=== Section Start ===

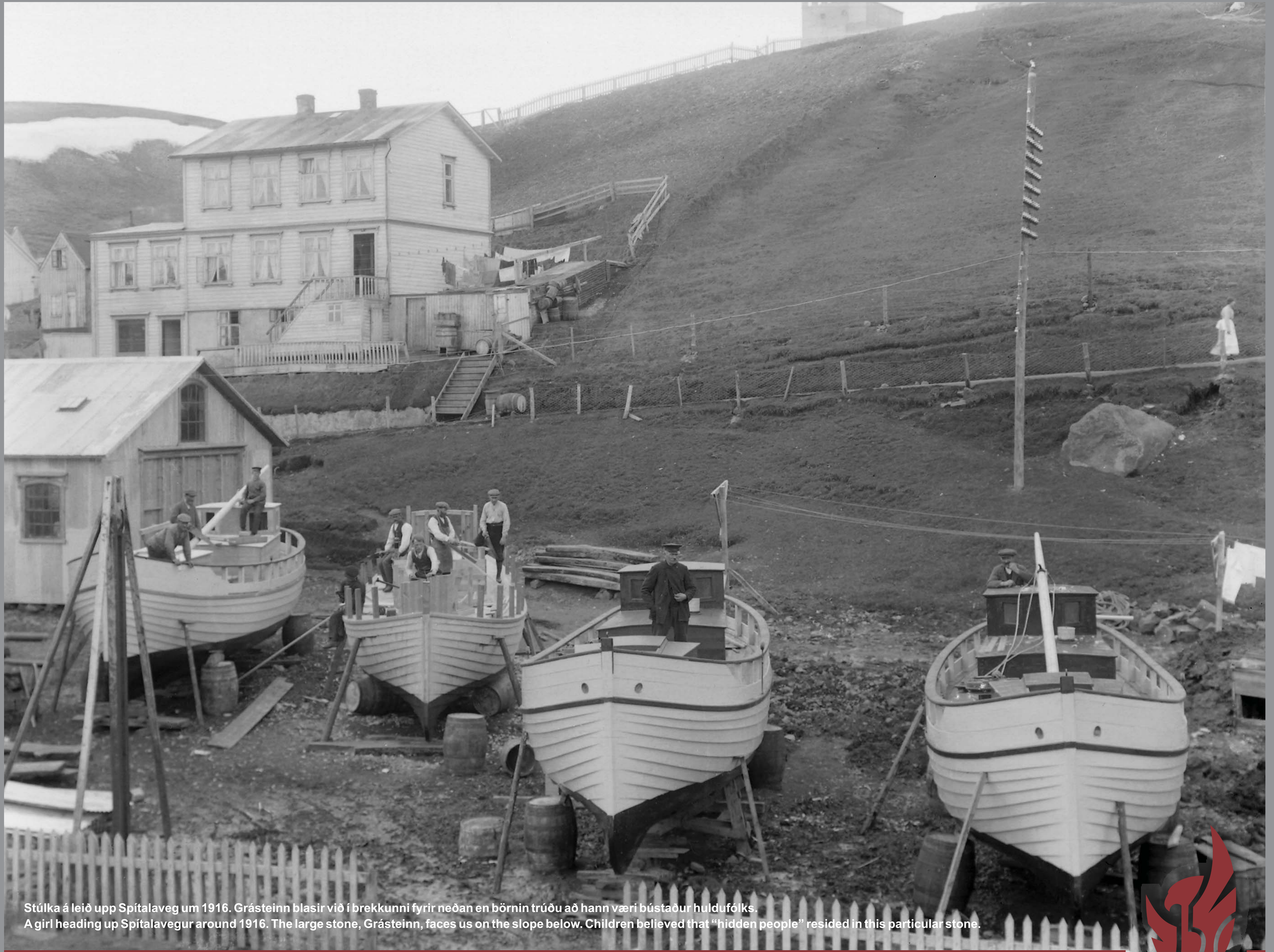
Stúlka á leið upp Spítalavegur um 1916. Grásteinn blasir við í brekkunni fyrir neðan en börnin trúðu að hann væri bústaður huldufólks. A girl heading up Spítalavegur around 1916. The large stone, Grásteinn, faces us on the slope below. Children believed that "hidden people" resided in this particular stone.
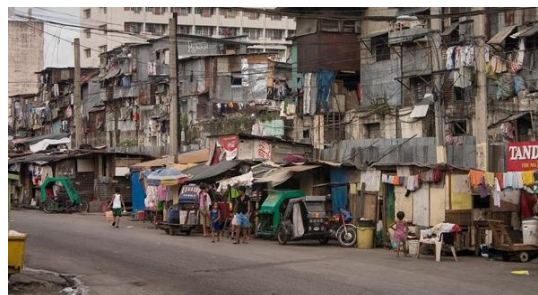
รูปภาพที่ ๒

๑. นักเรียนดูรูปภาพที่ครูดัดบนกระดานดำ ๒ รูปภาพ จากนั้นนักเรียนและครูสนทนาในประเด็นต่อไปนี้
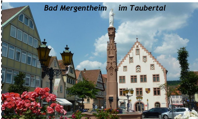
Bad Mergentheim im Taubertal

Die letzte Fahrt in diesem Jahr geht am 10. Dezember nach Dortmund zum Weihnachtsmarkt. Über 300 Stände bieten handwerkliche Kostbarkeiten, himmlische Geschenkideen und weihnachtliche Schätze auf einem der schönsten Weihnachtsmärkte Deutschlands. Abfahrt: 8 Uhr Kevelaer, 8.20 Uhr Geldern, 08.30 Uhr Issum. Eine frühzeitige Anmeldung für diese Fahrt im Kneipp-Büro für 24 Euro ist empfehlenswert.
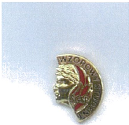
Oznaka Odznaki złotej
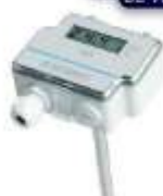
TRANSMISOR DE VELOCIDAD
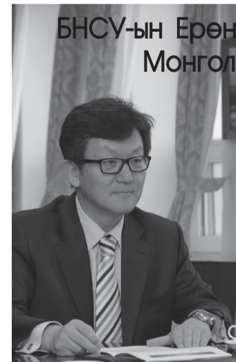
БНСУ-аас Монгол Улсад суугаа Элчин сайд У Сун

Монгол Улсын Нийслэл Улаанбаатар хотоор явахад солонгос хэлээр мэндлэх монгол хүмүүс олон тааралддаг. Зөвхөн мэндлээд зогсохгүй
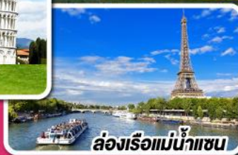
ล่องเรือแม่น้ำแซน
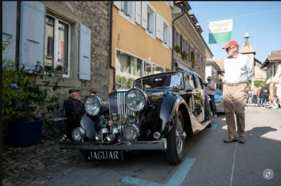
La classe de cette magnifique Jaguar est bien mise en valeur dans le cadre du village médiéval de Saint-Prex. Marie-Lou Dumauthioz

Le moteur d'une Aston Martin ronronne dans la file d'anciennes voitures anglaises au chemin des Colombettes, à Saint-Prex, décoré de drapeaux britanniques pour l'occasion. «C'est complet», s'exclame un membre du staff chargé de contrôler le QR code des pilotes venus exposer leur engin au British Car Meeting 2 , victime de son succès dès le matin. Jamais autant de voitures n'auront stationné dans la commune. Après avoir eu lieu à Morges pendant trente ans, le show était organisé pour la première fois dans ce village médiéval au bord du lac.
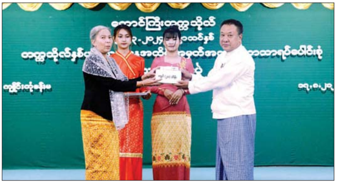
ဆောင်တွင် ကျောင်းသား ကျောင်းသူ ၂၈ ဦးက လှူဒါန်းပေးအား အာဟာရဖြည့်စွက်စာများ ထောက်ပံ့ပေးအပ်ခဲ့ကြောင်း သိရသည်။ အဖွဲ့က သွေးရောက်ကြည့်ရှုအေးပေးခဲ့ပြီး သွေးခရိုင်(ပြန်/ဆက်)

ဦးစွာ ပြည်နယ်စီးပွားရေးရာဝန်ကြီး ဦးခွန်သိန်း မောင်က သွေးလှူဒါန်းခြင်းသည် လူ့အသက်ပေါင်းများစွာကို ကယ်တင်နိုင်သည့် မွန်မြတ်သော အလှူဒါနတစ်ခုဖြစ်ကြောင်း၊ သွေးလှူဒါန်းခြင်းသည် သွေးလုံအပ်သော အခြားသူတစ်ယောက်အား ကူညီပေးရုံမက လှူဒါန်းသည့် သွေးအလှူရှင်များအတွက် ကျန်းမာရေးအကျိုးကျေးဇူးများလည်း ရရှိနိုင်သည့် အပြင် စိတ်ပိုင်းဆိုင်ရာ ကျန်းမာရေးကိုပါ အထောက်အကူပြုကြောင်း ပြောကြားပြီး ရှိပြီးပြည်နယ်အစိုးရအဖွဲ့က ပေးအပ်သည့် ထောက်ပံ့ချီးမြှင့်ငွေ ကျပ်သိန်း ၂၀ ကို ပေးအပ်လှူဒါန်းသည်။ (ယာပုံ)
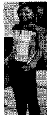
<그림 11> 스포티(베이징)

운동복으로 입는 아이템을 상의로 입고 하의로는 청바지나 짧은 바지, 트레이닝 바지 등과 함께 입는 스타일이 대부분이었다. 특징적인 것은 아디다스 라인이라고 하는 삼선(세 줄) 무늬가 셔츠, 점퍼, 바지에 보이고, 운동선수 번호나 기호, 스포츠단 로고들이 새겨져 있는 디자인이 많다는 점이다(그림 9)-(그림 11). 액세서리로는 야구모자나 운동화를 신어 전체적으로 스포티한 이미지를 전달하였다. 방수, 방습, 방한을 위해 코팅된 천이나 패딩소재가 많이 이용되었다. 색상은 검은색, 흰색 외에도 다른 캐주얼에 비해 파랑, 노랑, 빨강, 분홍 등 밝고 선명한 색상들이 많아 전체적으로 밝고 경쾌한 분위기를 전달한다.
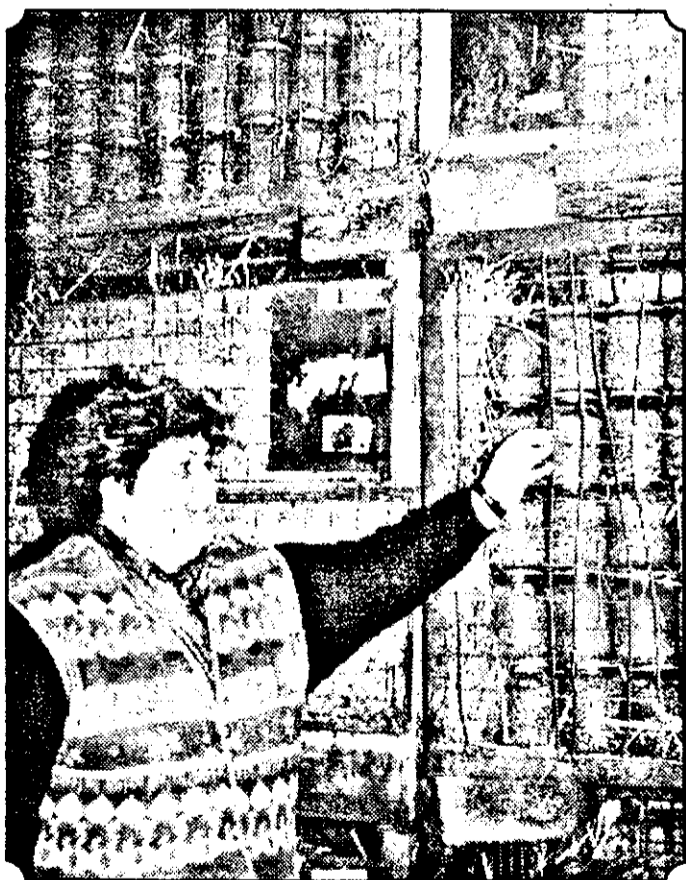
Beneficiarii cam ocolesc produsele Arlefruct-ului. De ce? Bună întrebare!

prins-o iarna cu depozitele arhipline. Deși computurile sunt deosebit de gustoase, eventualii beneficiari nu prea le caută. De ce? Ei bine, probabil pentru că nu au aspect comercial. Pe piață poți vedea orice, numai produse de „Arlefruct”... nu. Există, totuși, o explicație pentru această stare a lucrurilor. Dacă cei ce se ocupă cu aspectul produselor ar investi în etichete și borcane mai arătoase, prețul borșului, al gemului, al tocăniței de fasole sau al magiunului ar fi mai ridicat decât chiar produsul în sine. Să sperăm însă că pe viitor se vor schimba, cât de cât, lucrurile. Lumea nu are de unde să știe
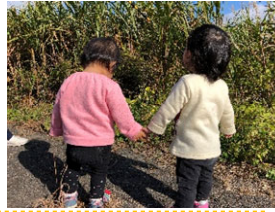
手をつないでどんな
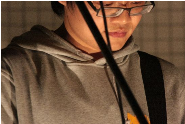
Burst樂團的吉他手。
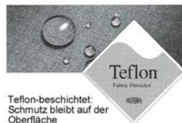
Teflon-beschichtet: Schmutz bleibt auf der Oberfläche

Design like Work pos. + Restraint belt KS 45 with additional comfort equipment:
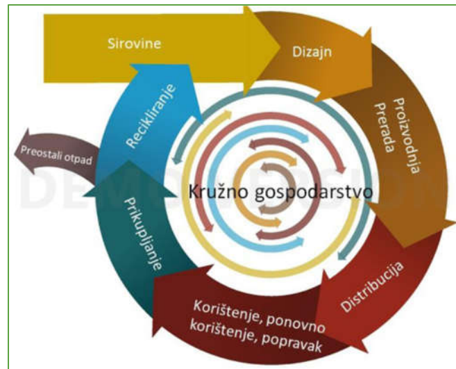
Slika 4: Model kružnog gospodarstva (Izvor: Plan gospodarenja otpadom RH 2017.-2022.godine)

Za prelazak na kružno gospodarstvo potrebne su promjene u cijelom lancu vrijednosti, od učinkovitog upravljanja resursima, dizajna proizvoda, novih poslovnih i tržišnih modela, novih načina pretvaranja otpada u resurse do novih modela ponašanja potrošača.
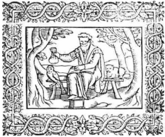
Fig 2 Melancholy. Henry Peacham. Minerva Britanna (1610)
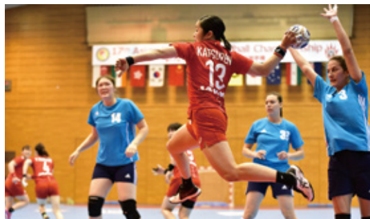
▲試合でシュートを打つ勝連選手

=== Section End ===

Beginning with the first entry above, reproduce every line verbatim until the line with "รูปภาพที่ ๒", which is included too; omit pictures.

Stúlka á leið upp Spítalavegur um 1916. Grásteinn blasir við í brekkunni fyrir neðan en börnin trúðu að hann væri bústaður huldufólks. A girl heading up Spítalavegur around 1916. The large stone, Grásteinn, faces us on the slope below. Children believed that "hidden people" resided in this particular stone.
รูปภาพที่ ๒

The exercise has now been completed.